Dienstag, 11. Dezember 2012

sie sind unterwegs


meine beiden Beiträge zur internationalen Filzausstellung "... in bewegung" des Filznetzwerks, organisiert durch Filzrausch in Göttingen.



Ich bin schon sehr gespannt, was sich die anderen Teilnehmer zu diesem Thema haben einfallen lassen.

Donnerstag, 6. Dezember 2012

eine neue Tasche

davon hab ich ja neulich schon einen Ausschnitt gezeigt, und jetzt ist sie fertig:




nochmal in gross



Gefilzt hab ich sie aus Wolle vom Bergschaf (außen) und vom Manx Loaghtan (innen), die einen wunderschönen etwas knubbeligen Filz ergibt, wenn auch viel Arbeit beim Walken erfordert. Die Tasche kann mit einem Reissverschluss geschlossen werden, für den ich innen extra Laschen aus extra feiner Merinowolle im Vlies angefilzt habe, um einen nicht zu dicken aber dennoch stabilen Filz zu bekommen. Als Riemen habe ich einen Ledergürtel recycelt, der perfekt dazu passt.


Dienstag, 4. Dezember 2012

ein kleiner Ausschnitt

von meinem "Barndom"-Tuch (ein Design von Stephen West) gestrickt in drei Farbtönen meiner Walnussfärbung vom Herbst diesen Jahres

mehr dazu hier und hier


und so sieht die Wolle verstrickt aus



Mittwoch, 14. November 2012

Flechtwerk

angeregt durch den Kurs bei Charlotte Sehmisch hab ich mich weiter mit Flechtarbeiten in Filz beschäftigt und Sitzkissen gefilzt.

Zum einen aus lokaler Schafwolle, die ich gewaschen und kardiert habe. Nach dem Herstellen und Schneiden von Vorfilz konnte beginnen zu flechten:




Hier handelt es sich um Wolle von Hebriedean und Ardense Voskop. Gefilzt sieht das ganze dann so aus:




Und hier die beiden Seiten eines Kissens aus Hebriedean- und Manx Laughtan-Wolle. Dieses hat sehr sehr viel Arbeit erfordert, bis es fest verfilzt war, aber das hat sich auf alle Fälle gelohnt.
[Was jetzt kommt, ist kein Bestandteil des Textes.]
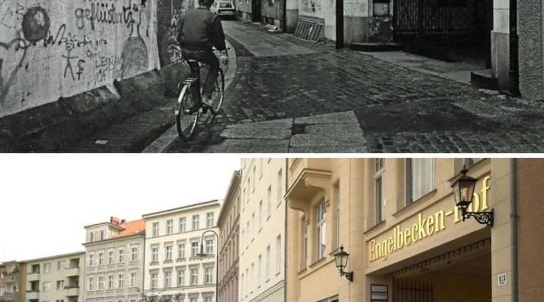 Berlin ist eine Stadt, die in jeder Mauer, jedem Stein und jeder Straße ihre Geschichte atmet. Das Bild oben zeigt eine eindrucksvolle „Damals-und-heute“-Perspektive: dieselbe Straße, derselbe Blickwinkel, doch zwei vollkommen verschiedene Welten. Auf dem oberen Bild radelt ein Mann an der Berliner Mauer entlang, vorbei an grauen, unfreundlichen Fassaden, die das geteilte Berlin so prägnant widerspiegeln. Es ist ein Moment, der das Gefühl von Überwachung, Kontrolle und Trennung einfängt, wie es Millionen Berliner über Jahrzehnte erlebt haben.

Dann noch drei farbige aus Corriedale-Wolle, die einen schönen festen, leicht haarigen Filz ergibt. Vor allem mischen sich die Farben beim Filzen sehr schön. Leider kommen die Farben auf den Fotos gar nicht gut raus, aber besser ging es nicht, vor allem nicht die beiden roten. Sollte es doch noch gelingen, werde ich die Bilder hier austauschen.





Auch wenn das Verarbeiten von Rohwolle einige Arbeitsschritte mehr erfordert, macht es mir viel mehr Spass. Und auch aus ökologischer Sicht es ist sicherlich lohnenswert, die Wolle lokaler Schafhalter zu verwenden. Und die Ergebnisse sprechen für sich, finde ich.






Montag, 29. Oktober 2012

das Mergellandschaf



Das Mergelland-Schaf ist ein großes ungehörntes Schaf dessen Kopf lang, schlank und gefleckt ist. Auch der Rumpf ist lang und schmal, aber muskulös. Die Färbung der Wolle ist zwischen weiß und hellgelb. Die Wolle ist lang und gewellt und zeichnet sich angeblich durch leichte Verspinnbarkeit aus. Das Mergelland-Schaf ist fruchtbar und besitzt eine gute Fleischqualität. Es ist nicht anspruchsvoll und kann sich gut auf dem kargen, felsigen Boden bewegen.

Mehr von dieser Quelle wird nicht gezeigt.